Copy each line of the data below exactly, leaving out pictures.

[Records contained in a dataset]

━━━

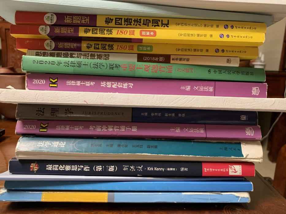 个人用书:《法学通论》《法硕考前冲刺背诵手册》《法硕重要主观题背诵》《法理学》《华政题库》《法硕基础配套练习》《思想道德修养与法律基础》等
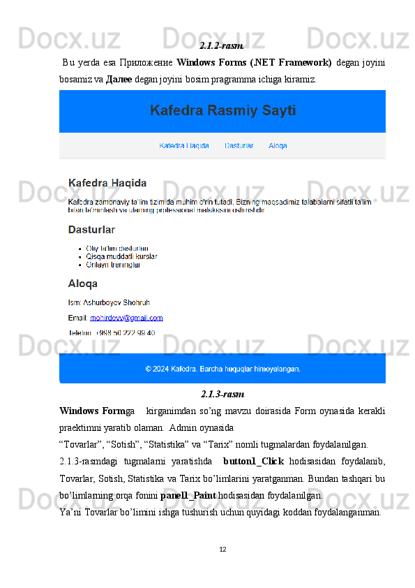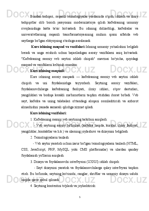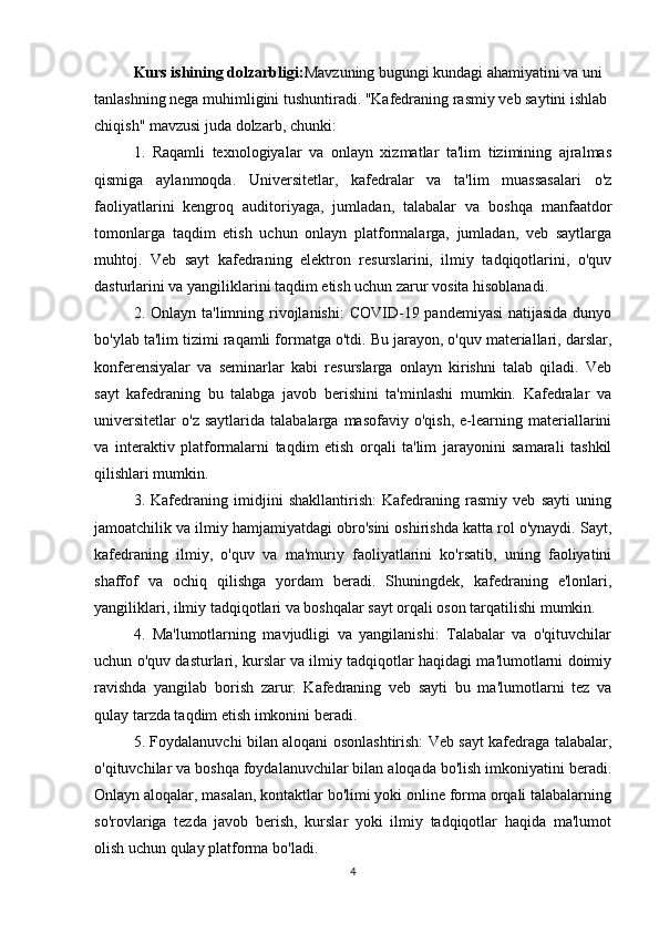 tanlashning nega muhimligini tushuntiradi. "Kafedraning rasmiy veb saytini ishlab
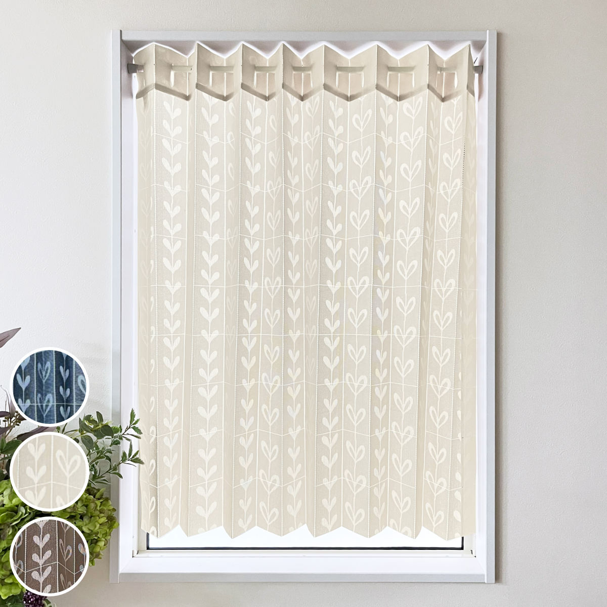 リーフ柄のアコーディオンカーテン 150×100cmナチュラルなリーフ柄がデザインされたアコーディオンカーテンです。お部屋に自然の風合いを加えながら、視線をさりげなく遮る役割も果たします。長さ100cmのため、小窓用カーテンとしてはもちろん、のれんや軽い間仕切りとしてもご利用いただけます。
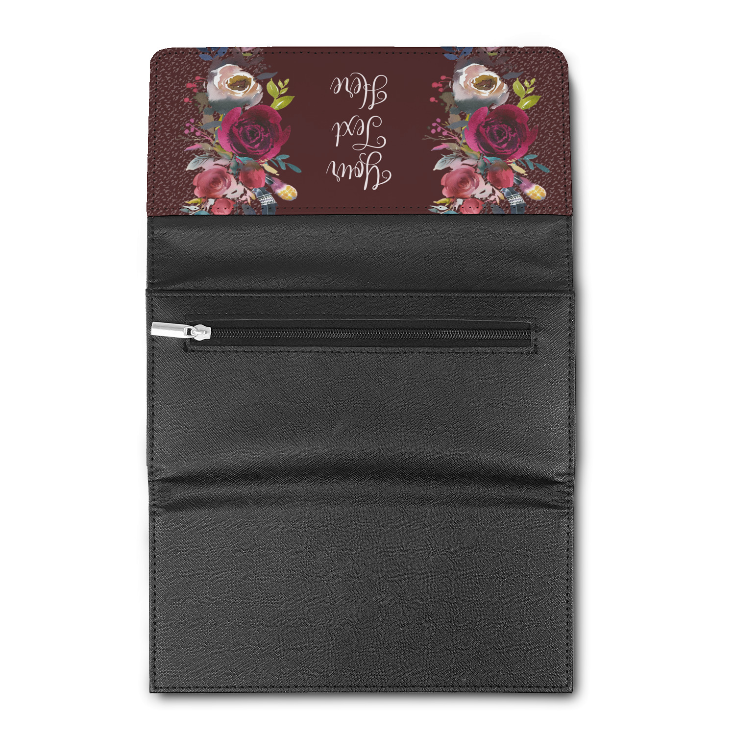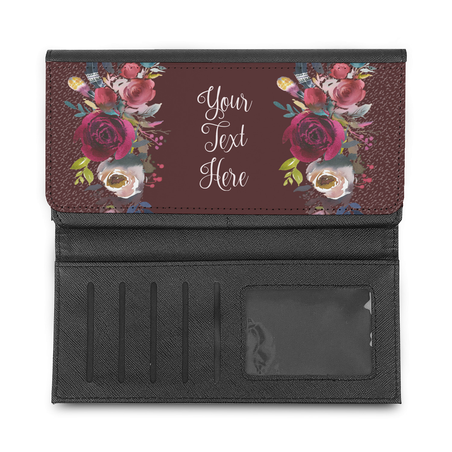 These beautiful wallets are a trifold design. The wallet is made of textured leatherette. The front section has a secure magnetic snap. The front flap is personalized with the artwork of your choice to make this wallet uniquely yours.
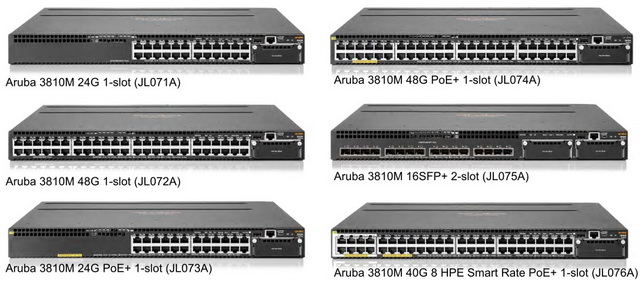 Семейство HPE Aruba включает серию начального уровня 2530, серии стекируемых L3 коммутаторов 2920 и 3800, а также компактные модульные шасси серии 5400R. Особенностью коммутаторов этих серий является использование семейства микросхем ProVision ASIC разработки НРЕ. Наличие собственного цикла разработки и производства ASIC позволяет производителю быстро реагировать на потребности рынка и первому предлагать своим заказчикам продукты с поддержкой новых технологий и стандартов, требующих реализации "в кремнии".
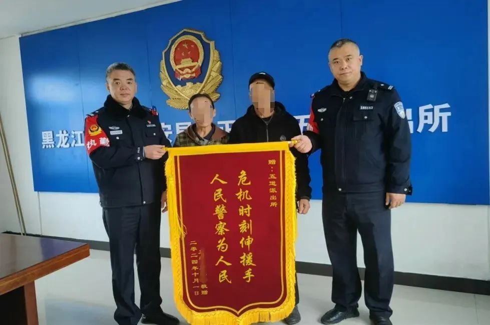 幸运的是,两位老人没有严重的问题。休养了一段时间后,王爷爷拉着石奶奶的手来到五道派出所,给了警察一面横幅。这面横幅凝聚了老人对警察的深深敬意,见证了警察在危机时刻从未放弃,传达了警察家人的炽热温度。
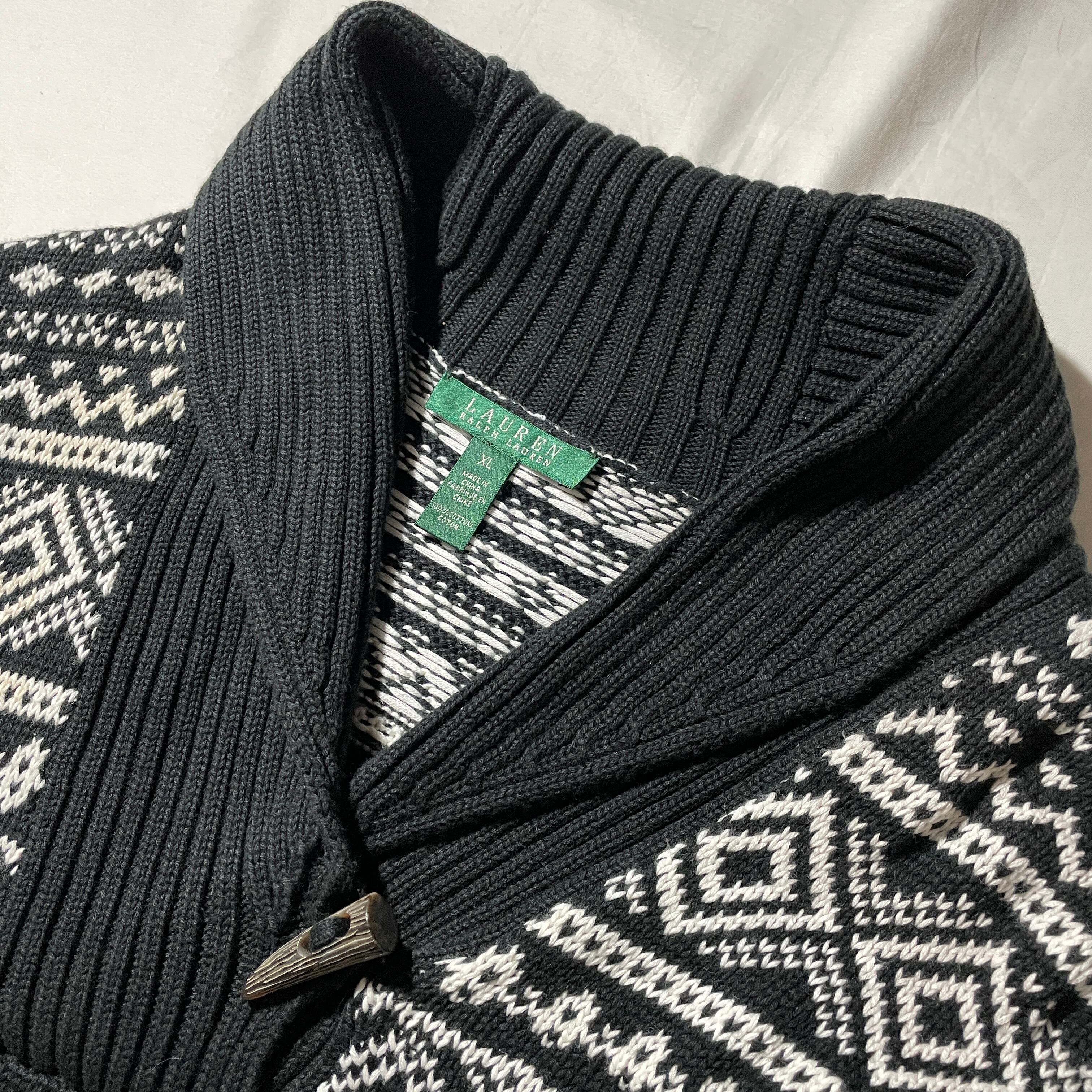 00s以降のLAUREN RALPH LAUREN。フェアアイルパターンのショールカラーコットンカーディガン。
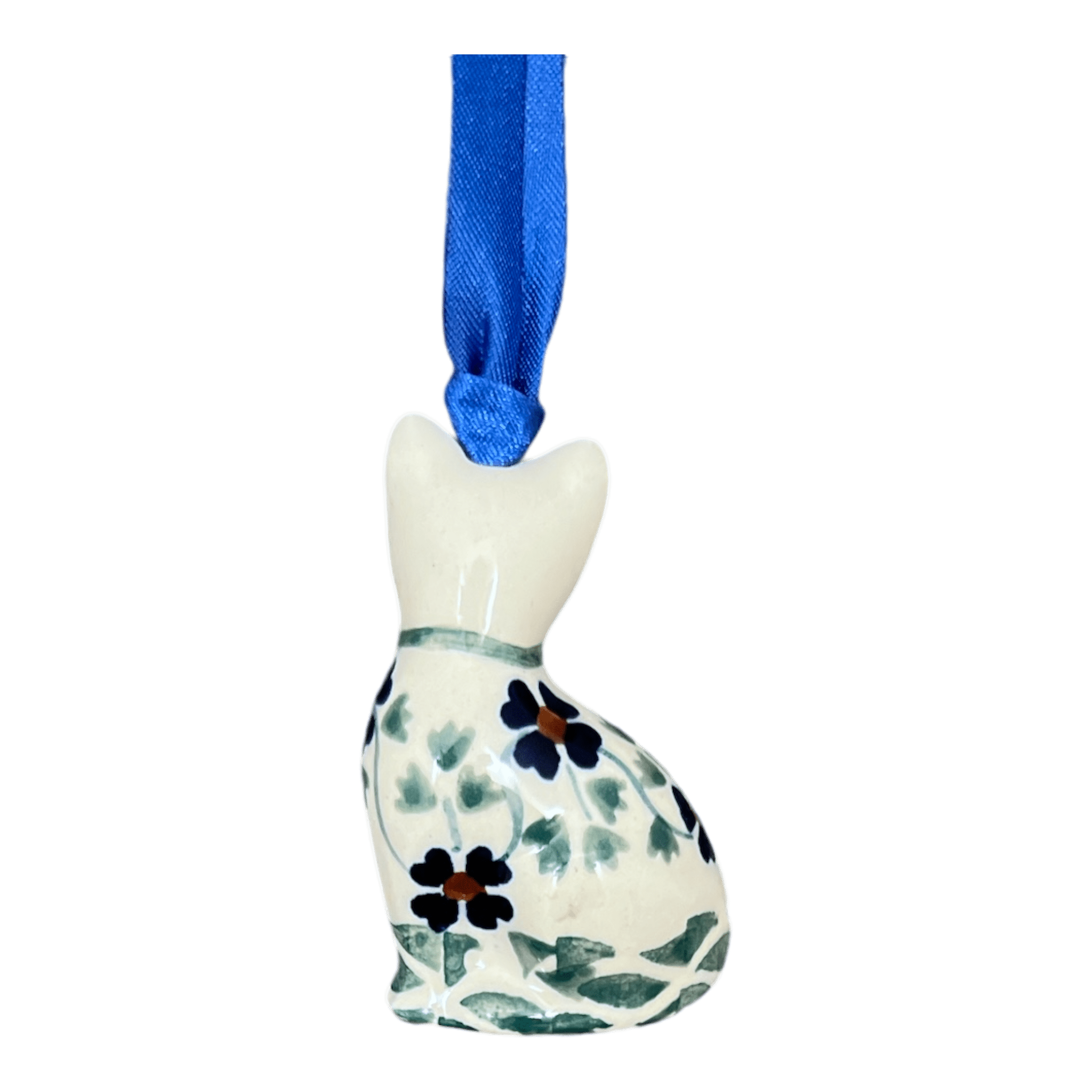 Introducing the charming Polish Pottery Ornament in the delightful "Woven Pansies" pattern, expertly crafted by Manufaktura. This petite feline-shaped gem, measuring a cute 1.5" x 1" x 2.5", is hand-painted in Boleslawiec, Poland, known for its rich pottery heritage. The "Woven Pansies" design enchants with its intricate display of green weaving at its heart, surrounded by a whimsical band of small, simple flowers in shades of blue and orange, all connected by a slender green vine. This design not only captivates the eye but also tells the story of traditional Polish craftsmanship, where each piece is a canvas of nature-inspired beauty.
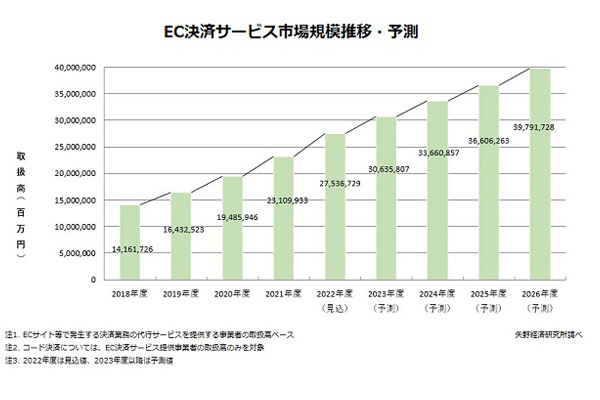 国内EC決済サービス市場、23年度に初の30兆円台と予... -
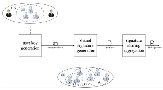 The signer group is made up of multiple signers [22]. Any t or more qualified signers in a user group can cooperate with each other to generate a valid final signature group, but less than t signers cannot generate a final signature group. In addition, only the designated verifier who knows the public key associated with the signer group verifies the correctness of the final signature. In the event of a problem or if necessary, the signer group can certify to a third-party auditor that the final signature is effective under the signer group’s public key. The following describes the process of the threshold signature [3]. First, all users, with the help of the user group, generate their shared public–secret key pair using a random polynomial function. Then, the user who generated a valid shared key pair is allowed to produce a shared signature. Lastly, t valid shared signatures are collected and utilized to aggregate the final signature of the data block.
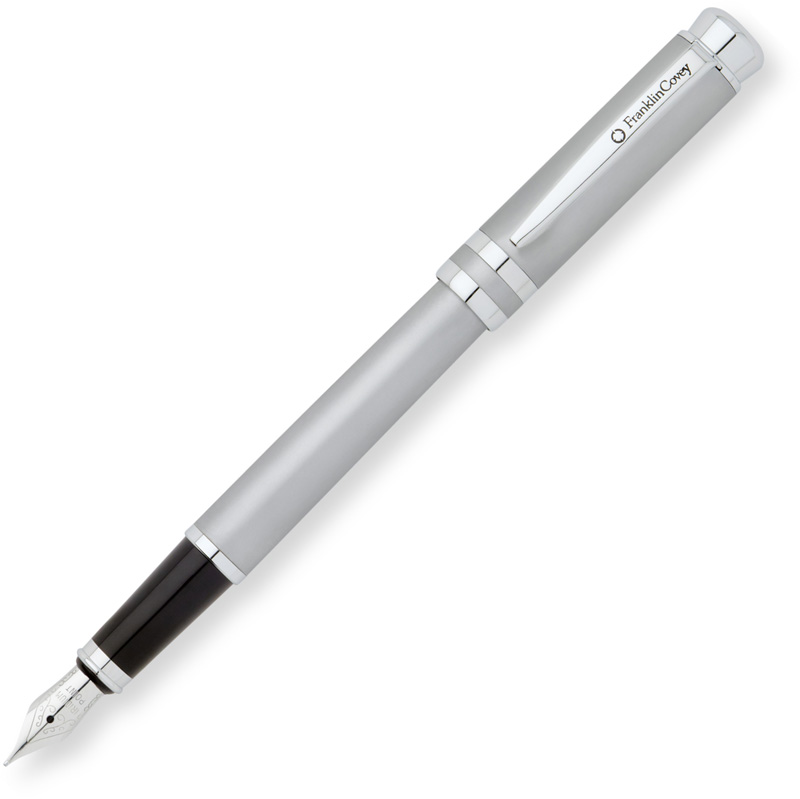 Перьевая ручка FranklinCovey Freemont. Корпус - латунь и матовый лак, отделка и детали дизайна - хром, перо - сталь. Цвет - хромовый. Подарочная коробка. перо сталь

━━━

§ Solution for this task
 个人用书:《法学通论》《法硕考前冲刺背诵手册》《法硕重要主观题背诵》《法理学》《华政题库》《法硕基础配套练习》《思想道德修养与法律基础》等
 tanlashning nega muhimligini tushuntiradi. "Kafedraning rasmiy veb saytini ishlab
 リーフ柄のアコーディオンカーテン 150×100cmナチュラルなリーフ柄がデザインされたアコーディオンカーテンです。お部屋に自然の風合いを加えながら、視線をさりげなく遮る役割も果たします。長さ100cmのため、小窓用カーテンとしてはもちろん、のれんや軽い間仕切りとしてもご利用いただけます。
 These beautiful wallets are a trifold design. The wallet is made of textured leatherette. The front section has a secure magnetic snap. The front flap is personalized with the artwork of your choice to make this wallet uniquely yours.
 Семейство HPE Aruba включает серию начального уровня 2530, серии стекируемых L3 коммутаторов 2920 и 3800, а также компактные модульные шасси серии 5400R. Особенностью коммутаторов этих серий является использование семейства микросхем ProVision ASIC разработки НРЕ. Наличие собственного цикла разработки и производства ASIC позволяет производителю быстро реагировать на потребности рынка и первому предлагать своим заказчикам продукты с поддержкой новых технологий и стандартов, требующих реализации "в кремнии".
 幸运的是,两位老人没有严重的问题。休养了一段时间后,王爷爷拉着石奶奶的手来到五道派出所,给了警察一面横幅。这面横幅凝聚了老人对警察的深深敬意,见证了警察在危机时刻从未放弃,传达了警察家人的炽热温度。
 00s以降のLAUREN RALPH LAUREN。フェアアイルパターンのショールカラーコットンカーディガン。
 Introducing the charming Polish Pottery Ornament in the delightful "Woven Pansies" pattern, expertly crafted by Manufaktura. This petite feline-shaped gem, measuring a cute 1.5" x 1" x 2.5", is hand-painted in Boleslawiec, Poland, known for its rich pottery heritage. The "Woven Pansies" design enchants with its intricate display of green weaving at its heart, surrounded by a whimsical band of small, simple flowers in shades of blue and orange, all connected by a slender green vine. This design not only captivates the eye but also tells the story of traditional Polish craftsmanship, where each piece is a canvas of nature-inspired beauty.
 国内EC決済サービス市場、23年度に初の30兆円台と予... -
 The signer group is made up of multiple signers [22]. Any t or more qualified signers in a user group can cooperate with each other to generate a valid final signature group, but less than t signers cannot generate a final signature group. In addition, only the designated verifier who knows the public key associated with the signer group verifies the correctness of the final signature. In the event of a problem or if necessary, the signer group can certify to a third-party auditor that the final signature is effective under the signer group’s public key. The following describes the process of the threshold signature [3]. First, all users, with the help of the user group, generate their shared public–secret key pair using a random polynomial function. Then, the user who generated a valid shared key pair is allowed to produce a shared signature. Lastly, t valid shared signatures are collected and utilized to aggregate the final signature of the data block.
 Перьевая ручка FranklinCovey Freemont. Корпус - латунь и матовый лак, отделка и детали дизайна - хром, перо - сталь. Цвет - хромовый. Подарочная коробка. перо сталь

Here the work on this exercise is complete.